# steroidify.com & Wickr OzShop



## thejennerbrandon (Jul 8, 2021)

Hi All, 
Not exactly new here, long time lurker first time poster. 
I know this is not a source board but am after feedback if anyone has used steroidify.com or OzShop on Wickr 
Never had a successful purchase, 2 months ago I ignorantly purchased from AuSteroids.is as a recommendation from someone at the gym, never received anything and have never had them respond to my email. 
Any constructive criticism, hints or pointers would be appreciated.


----------



## Adrenolin (Jul 8, 2021)

Not new...says you joined 14min ago though?


----------



## Redbacks1 (Jul 8, 2021)

Hey. Thanks for the comment. Where are you located? That AuSteroids.is 
is NOT and nowhere to go to. 


Sent from my iPhone using Tapatalk


----------



## thejennerbrandon (Jul 8, 2021)

Redbacks1 said:


> Hey. Thanks for the comment. Where are you located? That AuSteroids.is
> is NOT and nowhere to go to.
> 
> 
> Sent from my iPhone using Tapatalk


Sydney Australia


----------



## thejennerbrandon (Jul 8, 2021)

Adrenolin said:


> Not new...says you joined 14min ago though?
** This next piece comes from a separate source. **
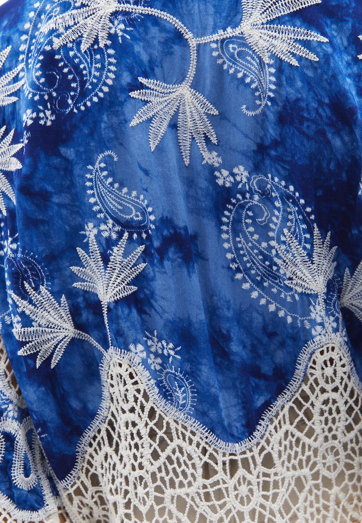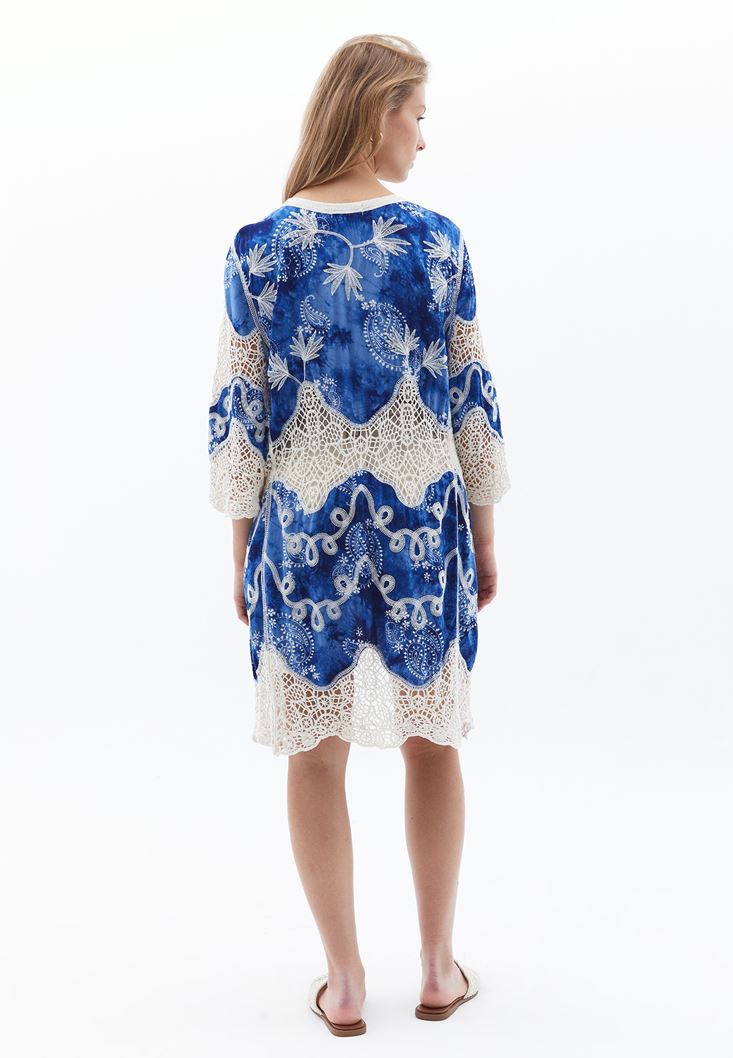 Viskon içerikli doku, motifli nakış detaylı, uzun kesim, bedenden uzak loose fit, yarım kollu, renk geçişli özel doku.

Just signed up for the account but I have been browsing the forums here a while. signed up to finally post & interact 😊


----------



## Redbacks1 (Jul 8, 2021)

How are you coping in lockdown?


Sent from my iPhone using Tapatalk


----------



## Redbacks1 (Jul 8, 2021)

Welcome aboard!!


Sent from my iPhone using Tapatalk


----------



## thejennerbrandon (Jul 8, 2021)

Redbacks1 said:


> How are you coping in lockdown?
> 
> 
> Sent from my iPhone using Tapatalk


Thanks Redbacks!
Honestly it is a rollercoaster, working from home isnt terrible but I am bored out of my brain and very unproductive?


----------



## Redbacks1 (Jul 8, 2021)

You have a source right close to you. Expensive, by our terms, but quality comes at a price price. Good luck mate. 


Sent from my iPhone using Tapatalk


----------



## Adrenolin (Jul 8, 2021)

You both can head on over to the New Member Introduction section.


----------



## thejennerbrandon (Jul 9, 2021)

Just placed an order with steroidify 
I will be sure to let everyone know how it goes 😅


----------



## CJ (Jul 9, 2021)

thejennerbrandon said:


> Just placed an order with steroidify
> I will be sure to let everyone know how it goes 😅


🤞🤞🤞🤞🤞


----------



## evarage (Jul 13, 2021)

thejennerbrandon said:


> Just placed an order with steroidify
> I will be sure to let everyone know how it goes 😅


Any Update on this?


----------



## thejennerbrandon (Jul 16, 2021)

evarage said:


> Any Update on this?


They claim to have shipped it. Will update as this progresses


----------



## evarage (Jul 18, 2021)

thejennerbrandon said:


> They claim to have shipped it. Will update as this progresses


Thank you


----------



## bfresh (Jul 20, 2021)

Any news?


----------



## Natty_Lord (Jul 26, 2021)

Keen to see how you went with this


----------



## thejennerbrandon (Jul 27, 2021)

@evarage @bfresh @Natty_Lord  - For a follow up. I still have not received anything but they did send me a tracking number today from the UK so I will keep you posted.


----------



## XLNC (Jul 29, 2021)

thejennerbrandon said:


> @evarage @bfresh @Natty_Lord  - For a follow up. I still have not received anything but they did send me a tracking number today from the UK so I will keep you posted.


Noting worse than waiting GL man


----------



## MrRogers (Aug 7, 2021)

Did anything ever show up?


----------



## thejennerbrandon (Aug 7, 2021)

Still waiting, tracking number says it has left the origin country and is on its way to AU


----------



## thejennerbrandon (Aug 10, 2021)

thejennerbrandon said:


> Still waiting, tracking number says it has left the origin country and is on its way to AU


----------



## Steeeve (Aug 10, 2021)

I take it you received your order in its entirety?


----------